TASK STATEMENT: The job is to output each record exactly as it stands, pictures excluded.

Extracted records:
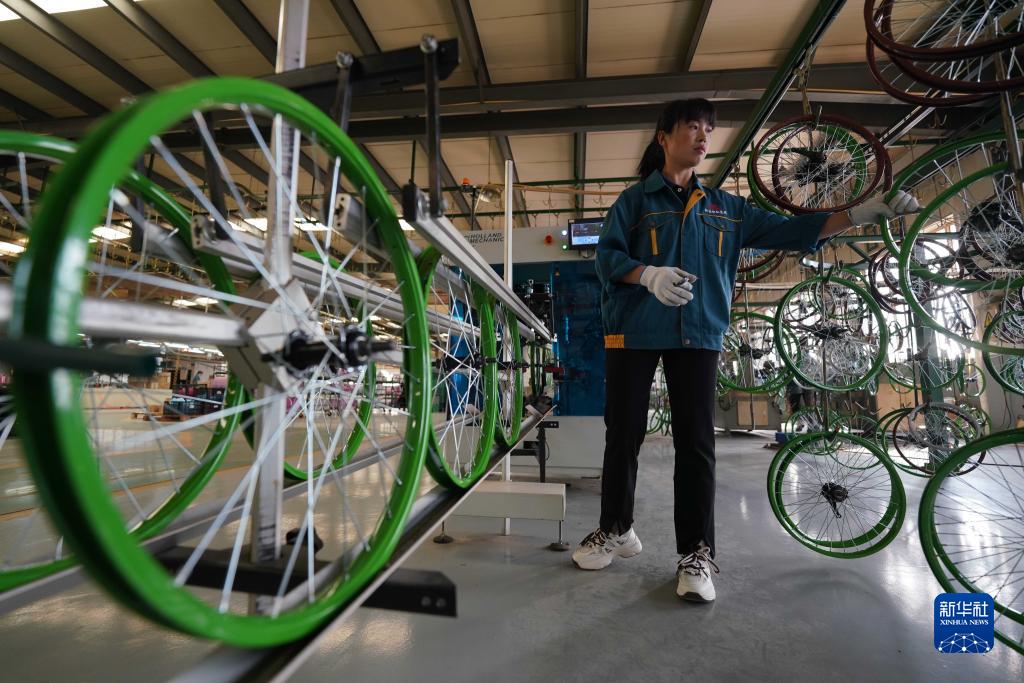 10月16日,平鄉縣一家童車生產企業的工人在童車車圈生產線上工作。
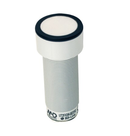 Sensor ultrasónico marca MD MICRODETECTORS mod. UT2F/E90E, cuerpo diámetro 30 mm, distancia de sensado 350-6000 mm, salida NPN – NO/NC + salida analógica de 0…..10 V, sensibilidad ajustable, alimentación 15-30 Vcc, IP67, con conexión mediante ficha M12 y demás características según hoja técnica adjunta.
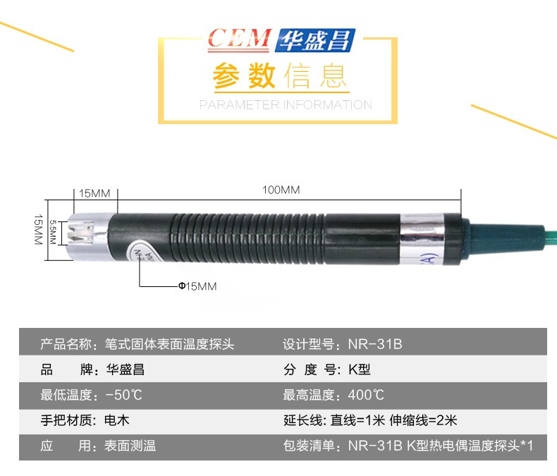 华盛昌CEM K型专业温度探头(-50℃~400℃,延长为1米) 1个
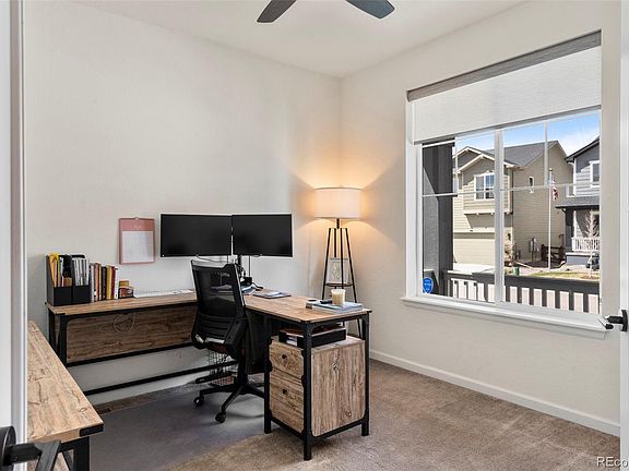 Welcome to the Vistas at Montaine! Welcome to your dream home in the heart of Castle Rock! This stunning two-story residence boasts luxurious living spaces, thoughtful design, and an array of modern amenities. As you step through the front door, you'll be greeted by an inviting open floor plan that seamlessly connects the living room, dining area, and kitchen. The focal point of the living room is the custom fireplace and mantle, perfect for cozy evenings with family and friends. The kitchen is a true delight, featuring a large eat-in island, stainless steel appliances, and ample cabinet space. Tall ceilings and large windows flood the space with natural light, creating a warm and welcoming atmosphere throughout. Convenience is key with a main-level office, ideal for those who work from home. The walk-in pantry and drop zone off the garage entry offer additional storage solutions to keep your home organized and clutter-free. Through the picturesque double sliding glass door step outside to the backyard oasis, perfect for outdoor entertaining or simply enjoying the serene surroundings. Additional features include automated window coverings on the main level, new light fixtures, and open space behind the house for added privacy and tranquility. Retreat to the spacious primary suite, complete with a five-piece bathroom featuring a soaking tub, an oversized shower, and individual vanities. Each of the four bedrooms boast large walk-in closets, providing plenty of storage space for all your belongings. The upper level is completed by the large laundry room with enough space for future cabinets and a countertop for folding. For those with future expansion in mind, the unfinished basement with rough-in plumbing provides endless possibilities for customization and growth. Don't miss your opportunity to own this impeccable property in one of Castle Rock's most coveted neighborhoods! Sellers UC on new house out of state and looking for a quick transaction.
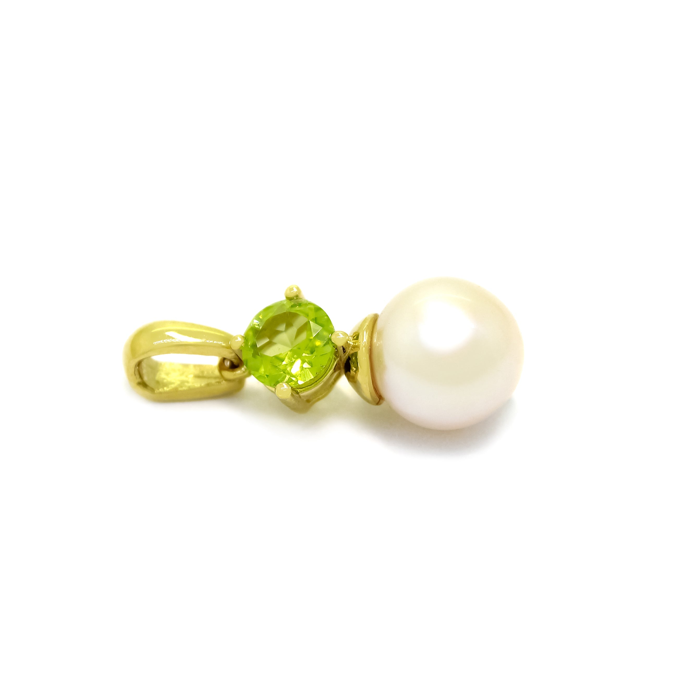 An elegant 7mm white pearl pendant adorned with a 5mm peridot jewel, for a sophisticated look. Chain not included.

WRITTEN ANSWER:
 10月16日,平鄉縣一家童車生產企業的工人在童車車圈生產線上工作。
 Sensor ultrasónico marca MD MICRODETECTORS mod. UT2F/E90E, cuerpo diámetro 30 mm, distancia de sensado 350-6000 mm, salida NPN – NO/NC + salida analógica de 0…..10 V, sensibilidad ajustable, alimentación 15-30 Vcc, IP67, con conexión mediante ficha M12 y demás características según hoja técnica adjunta.
 华盛昌CEM K型专业温度探头(-50℃~400℃,延长为1米) 1个
 Welcome to the Vistas at Montaine! Welcome to your dream home in the heart of Castle Rock! This stunning two-story residence boasts luxurious living spaces, thoughtful design, and an array of modern amenities. As you step through the front door, you'll be greeted by an inviting open floor plan that seamlessly connects the living room, dining area, and kitchen. The focal point of the living room is the custom fireplace and mantle, perfect for cozy evenings with family and friends. The kitchen is a true delight, featuring a large eat-in island, stainless steel appliances, and ample cabinet space. Tall ceilings and large windows flood the space with natural light, creating a warm and welcoming atmosphere throughout. Convenience is key with a main-level office, ideal for those who work from home. The walk-in pantry and drop zone off the garage entry offer additional storage solutions to keep your home organized and clutter-free. Through the picturesque double sliding glass door step outside to the backyard oasis, perfect for outdoor entertaining or simply enjoying the serene surroundings. Additional features include automated window coverings on the main level, new light fixtures, and open space behind the house for added privacy and tranquility. Retreat to the spacious primary suite, complete with a five-piece bathroom featuring a soaking tub, an oversized shower, and individual vanities. Each of the four bedrooms boast large walk-in closets, providing plenty of storage space for all your belongings. The upper level is completed by the large laundry room with enough space for future cabinets and a countertop for folding. For those with future expansion in mind, the unfinished basement with rough-in plumbing provides endless possibilities for customization and growth. Don't miss your opportunity to own this impeccable property in one of Castle Rock's most coveted neighborhoods! Sellers UC on new house out of state and looking for a quick transaction.
 An elegant 7mm white pearl pendant adorned with a 5mm peridot jewel, for a sophisticated look. Chain not included.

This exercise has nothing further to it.